The work reflects an emblematic example of Bloemen's landscape art, where it is possible to trace the salient points of his painting, such as the resplendent horizons with the changing plays of light and shadow, the hills kissed by an almost fairytale-like pastel brightness, the green intense vegetation and the typical touches of light cadenced between the branches of the trees, as well as the plateaus and hills in the background, imbued with light.

The artist was a skilled master in describing the Roman countryside with a purely idyllic sensitivity, permeated by suggestions oscillating between mythology and reality, and with an atmosphere that recalls the myth of Arcadia.

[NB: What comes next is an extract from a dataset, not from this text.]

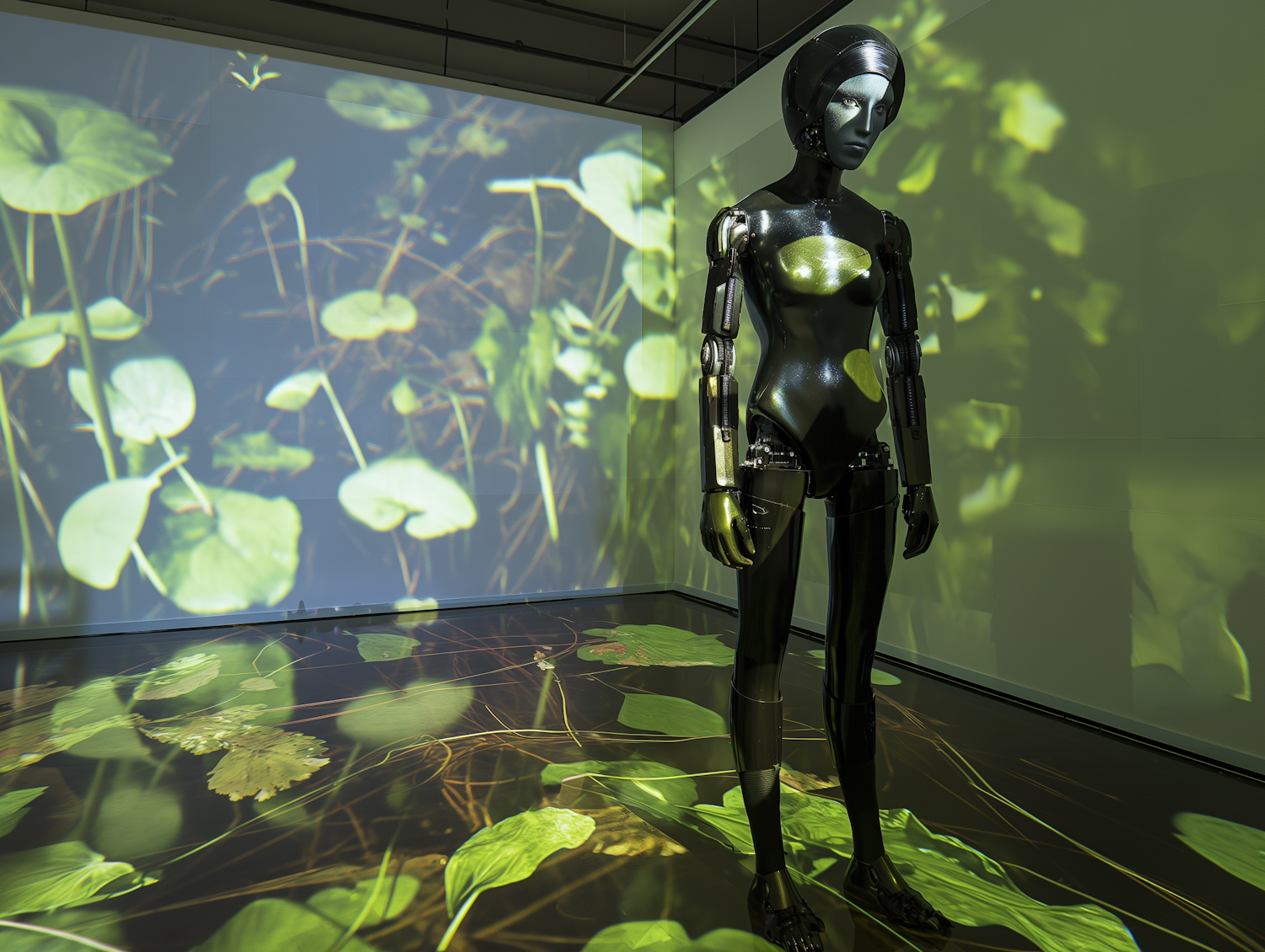A black humanoid robot stands amidst green leaf projections, creating a futuristic blend of technology and nature.

The structure of the composition, dotted with the numerous villages arranged in the different perspective levels, recalls the Lazio districts between Orvieto and Orte, recalling the Tivoli area, one of the favorite locations during the Grand Tour, crossed by the Aniene river, on whose banks we see some figures of fishermen.

Of Flemish origins, Van Bloemen learned the art of drawing in his homeland, initially studying with Anton Goubau. After a documented stay in Paris between 1682 and 1684, he moved to Italy with his brother Pieter (also a painter, known by the nickname of "Standard"), passing from Turin to Rome, the city where he resided permanently. except for a short trip to southern Italy.

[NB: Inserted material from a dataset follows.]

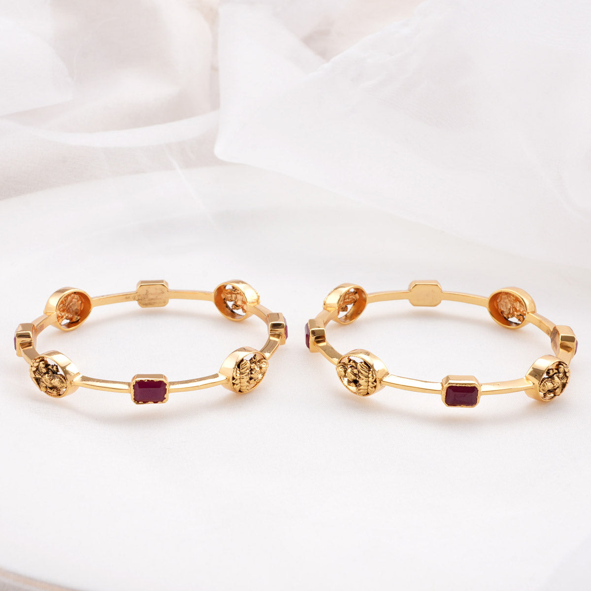 This 92.5 Silver, 24 kt gold-plated stylish Bangles is studded with semi-precious stones to make a stunning statement. Perfect for both formal and casual occasions.
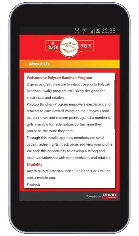 والمقصود Polycab باندان موبايل التطبيق حصريا لأعضاء البرنامج Polycab باندان أي لدينا كهربائى والتجزئة الخاصة جدا. التطبيق المحمول هو مرفق المقدمة لأعضاء قسط انتماءنا إلى الذهب والفضة فئة. يعطي التطبيق المحمول أعضائنا مرفق لتسجيل رمز، استرداد من مجموعة واسعة من المنتجات من كتالوج، عرض تفاصيل البرنامج والكتابة لخدمة العملاء لدينا.

After a debut entirely oriented towards the execution of markedly Dughettian landscapes, in Rome at the end of the seventeenth century he acquired an extraordinary reputation as a landscape painter, earning the nickname of "Horizon". Its bright, bright colors, sometimes tending to pastel tones, gradually ousted the hegemony of brown tones and dark backgrounds typical of its famous predecessor Dughet.

There are also the stylistic suggestions that he had borrowed from fellow painters such as Claude Lorrain and Jacob de Heusch, without forgetting Andrea Locatelli, his bitter rival in claiming the role of the greatest exponent of that genre in the city.

The painting is in excellent condition, perfectly restored, accompanied by a beautiful golden frame.



The work, like all our objects, is sold with a certificate of photographic authenticity in accordance with the law.